Notice the growing interest in outright explicit wealth taxes, which negate that indefinite deferral.
Good point, it's hard to plan for the long-term with taxation an X factor. It's unfortunately impossible to secede completely from the system, as I discuss in my article on Bitcoin:
https://tomowens.substack.com/p/could-bitcoin-become-money
I do think an enforceable wealth tax is very unlikely. That would affect the actual pupper masters of the system. The estate tax is already toothless with good lawyers and planning, and a wealth tax would presumably be avoidable with trusts, etc.
Very interesting and thanks for highlighting the investment relevance.
The chart with the portfolio performance suggests outperformance fell off substantially due to, perhaps ironically the Asia/Russia/Latam/LTCM crisis, so does this suggest that the portfolio is not "more robust to “fat tails” outcomes like the 2000 crash"? Just why outperformance dipped so much in the late 1990s.
The late 90s were a weird time for investors. It was a bubble by valuations, but only in the highest-flying Internet stocks, and stock trading culture was every bit as big, if not bigger. My manager at Radioshack, an Iranian gentleman named Bob, showed me how to trade online on the IBM Aptivas on the display floor and had made a ton of money buying Internet stocks. I was a college student then and easily doubled a $10k insurance settlement I received on AOL, luckily getting out in in 1999. At the same time, you could make significant interest on bonds, or buy "old economy" companies at really attractive valuations. RJ Reynolds, I remember, was paying a dividend yield of 20% but people would pass on that because AOL would double every 6 months. If you look at the chart, the fall in relative outperformance was due to the strategies' sitting out of the worst parts of the bubble. But the absolute return was still positive, earning a nice yield with very little drawdown, and avoided the crash in 2000.
Nice! Thanks for the explanation. Must have been hard to avoid the allure of "new world" bubble stuff during those mad times - even Druckenmmiller succumbed a few hours before the NASDAQ peak!

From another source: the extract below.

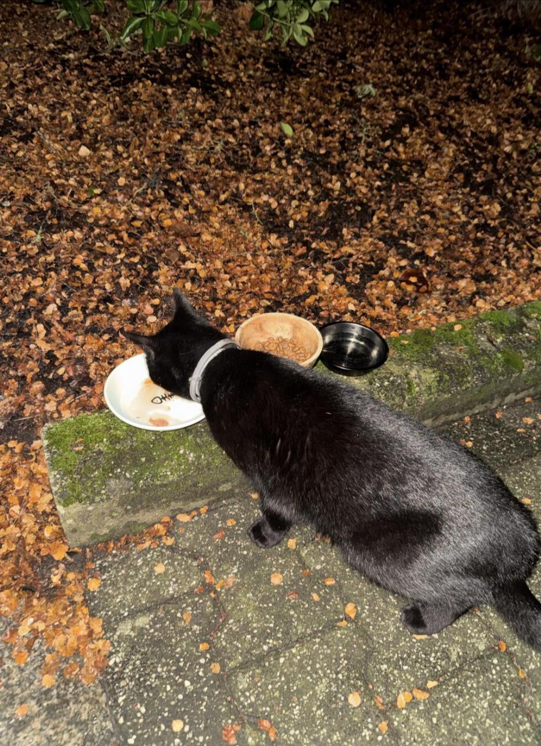 4. It is very common in Luxembourg to let cats roam outside. They’re always hungry and will eat from whoever feeds them, so this one is likely to return to you. However the collar and shiny fur and round body point towards it having a loving home. If it starts looking dirty or skinnier, that’s when you can worry about it being homeless.

Prudent strategy and paid off in 2005-07 again. Very interesting as it seems to detach one from the emotions of the market.

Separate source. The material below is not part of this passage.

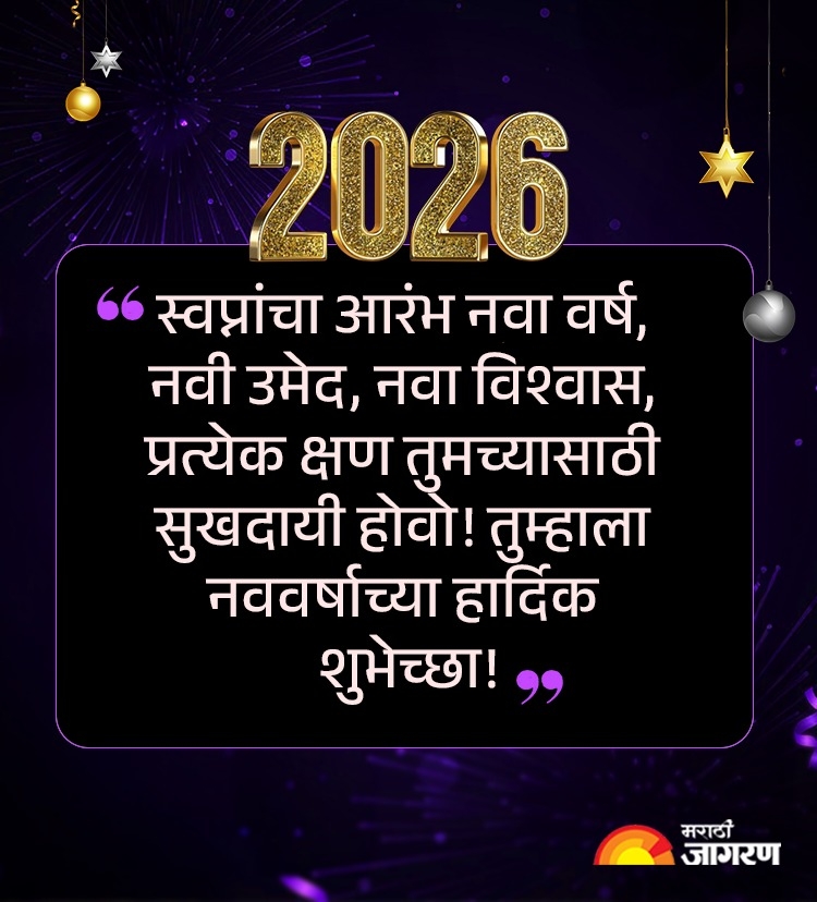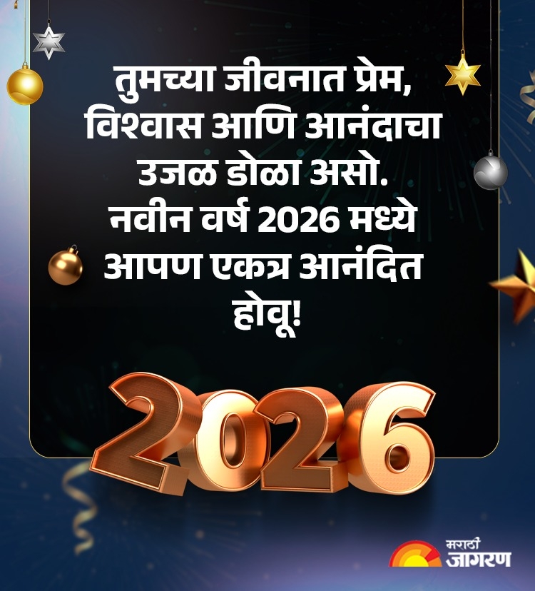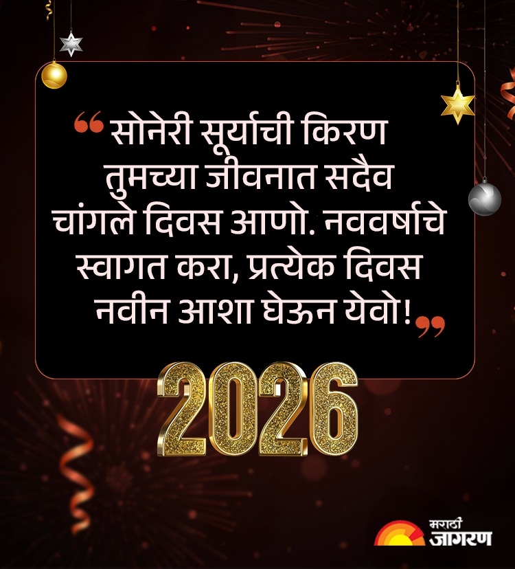 Happy New Year 2026 Wishes Quotes in Marathi: नवीन वर्षाच्या शुभेच्छा देताना, जरा वेगळ्या, मनापासून दिलेल्या शुभेच्छा कशा असाव्यात? आपल्याला वाटतं की त्यात थोडा स्पेशल टच असावा, जो वाचून समोरचं व्यक्ती खुश होईल. नवीन वर्षाच्या मराठमोळ्या शुभेच्छा..! प्रियजनांना पाठवा या हटके शुभेच्छा, संदेश, मेसेज, नवीन वर्षाची सुरूवात करा या गोड स्टेटसने (Happy New Year 2026 wishes WhatsApp Status)

You know your stuff! Not that you need my confirmation! ;-) But thank you, as always for sharing, your high quality always insightful and sometimes very funny writing.
One other thing:
The cyclically-adjusted (CAPE or Shiller) P/E for the S&P 500 index is currently 31x, but I question whether using the 10 year average of earnings per share is as useful for market timing now that inflation has returned. The CPI is up 32% over the past decade and the S&P's earnings per share are up about ~40% over that time period. The CAPE may give a false signal to be out of equities if you use it during an inflationary era or one with episodic currency devaluations, as we just had with the pandemic.
The S&P 500 P/E on current earnings is 25x, but the equal weight S&P P/E on current earnings is only about 16x. There is a big difference now between the valuation of the "Magnificent 7" stocks, which now comprise ~30% of the index, and the remaining companies.

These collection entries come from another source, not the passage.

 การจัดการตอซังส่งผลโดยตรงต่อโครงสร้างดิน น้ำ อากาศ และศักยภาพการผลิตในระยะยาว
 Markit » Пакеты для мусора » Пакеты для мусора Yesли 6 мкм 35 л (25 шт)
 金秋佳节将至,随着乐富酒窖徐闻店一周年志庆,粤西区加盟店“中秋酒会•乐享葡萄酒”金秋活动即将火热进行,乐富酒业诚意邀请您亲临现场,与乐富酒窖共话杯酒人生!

In taking a brief look at that paper, it's a pure momentum strategy that diversifies globally across hopefully less correlated indexes. The backtests are undeniable, but I still think momentum strategies feature a black swan tail risk. There are investments out there that have no hope of ever producing positive NPV of cash returned to shareholders. When everyone knows momentum is the only reason to be invested, what happens when momentum turns? Again, it's the embedded assumption that my particular momentum approach will get me out before everyone else.
You are right! Corrected in the web version.